Sometime after it was Saigon Bistro, this restaurant became Saigon Rex. There may have been a few in between that I missed. Then, some six months ago, the owners retagged it Que Huong Noodle & Grill (there are two additional Que Huong locations in Richardson and Plano).
The linchpin of Que Huong (which means "native village") is pho, that wonderfully aromatic and soothing Vietnamese noodle soup (usually served at breakfast) that dates back to the 10th century. But the pho here, while adequate, is not necessarily endearing. It's replete with flaws, though nothing that can't be choked down.
Beef pho is a soup that can contain a frightening assortment of meat products, such as soft tendon, basically a piece of knuckle, and bible tripe, sections of ox stomach.
The pho with the whole shootin' match has the benign numeric designation "P01" and the somewhat uncatchy moniker tan nam gau gan sach. Pho comes in three sizes: regular, large, and extra-large. The regular size is huge, so the other sizes are either for sharing or for bladder-control exercises.

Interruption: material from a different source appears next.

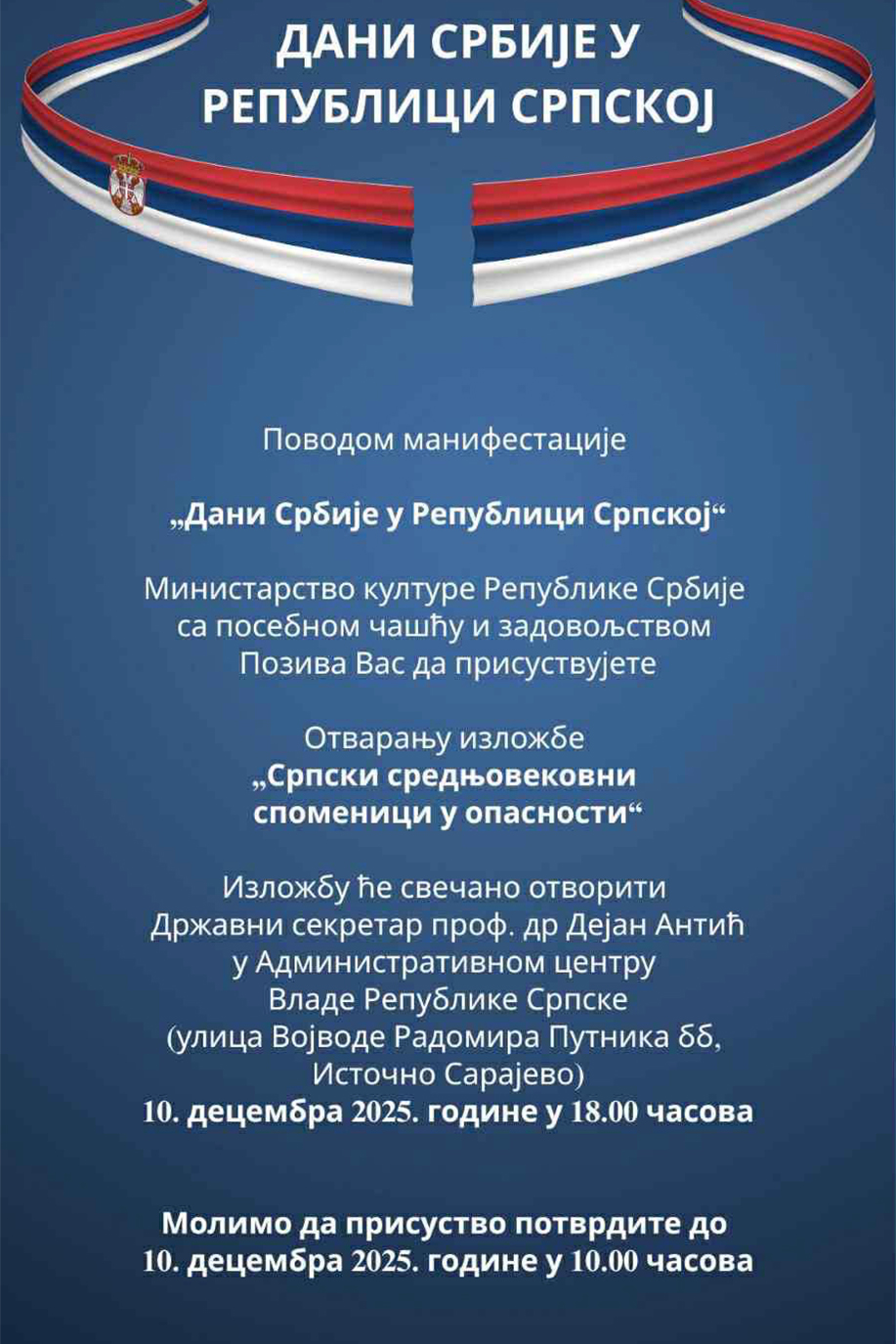 Изложба „Српски средњовековни споменици у опасности“ биће отворена у 18.00 часова у згради Административног центра Владе Републике Српске у Источном Сарајеву.

P01 had unimpressive cuts of beef -- eye of round steak, flank, and fat brisket. They were chewy and gristly. The tendon had white creamy tentacles across the surface of the broth, tentacles that melted in the mouth, adding a slippery slick of richness to the tongue. Crinkled thin sheets of round steak bubbled with fat pockets, and the bland broth was sown with overcooked rice noodles.
Pho is accompanied by a plate of bean sprouts, sticks that branch off into leathery basil leaves, lime wedges, and jagged rings of jalapeño. These ingredients are pinched and added to the broth to give it fresh resilience and aroma.
The pho here is not necessarily bad. It's just that the flaws are pronounced enough to keep you from embracing it without flinching. "H4" (mi do bie) is seafood debris drifting in a bland broth with scraps of cilantro, scallions, and jalapeño. Straw-hued egg noodles are firm and hearty. But the seafood flesh, angle-cut shanks of surimi, shrimp, sponge-rubbery fish balls, and squid tubes with little stubs where the tentacles used to be, ranged from dull to unexciting with hints of hand-soap lather on the finish.
Even when poultry is added there was slippage. "G1" (pho ga), chicken rice-noodle soup, was loaded with gummed-up overcooked rice noodles and dry chicken scattered among bits of carrot and scallion.
Que Huong is outfitted for soup. A little rack near the condiments on the table not only holds paper-wrapped chopsticks, but it also has a little nook stacked with those little white soupspoons that look like pygmy ladles. Yet if the soup doesn't float your boat, Que Huong has other dishes based on rice or vermicelli. "C3" (Com bi thit nuong cha) is good, in a rustic sort of way. A platter spread with white rice holds sheets of thinly sliced grilled pork. The meat is rippled with little patches of fat and gristle, but the richness trumps the blemishes, or maybe it's rich because of those blemishes. There was a little surprise in this dish, a thing called egg casserole. It looks a stolen scrap of omelet, but this fluffy strip of pale yellow is firm and supple with little specks of chewy, tasty pork.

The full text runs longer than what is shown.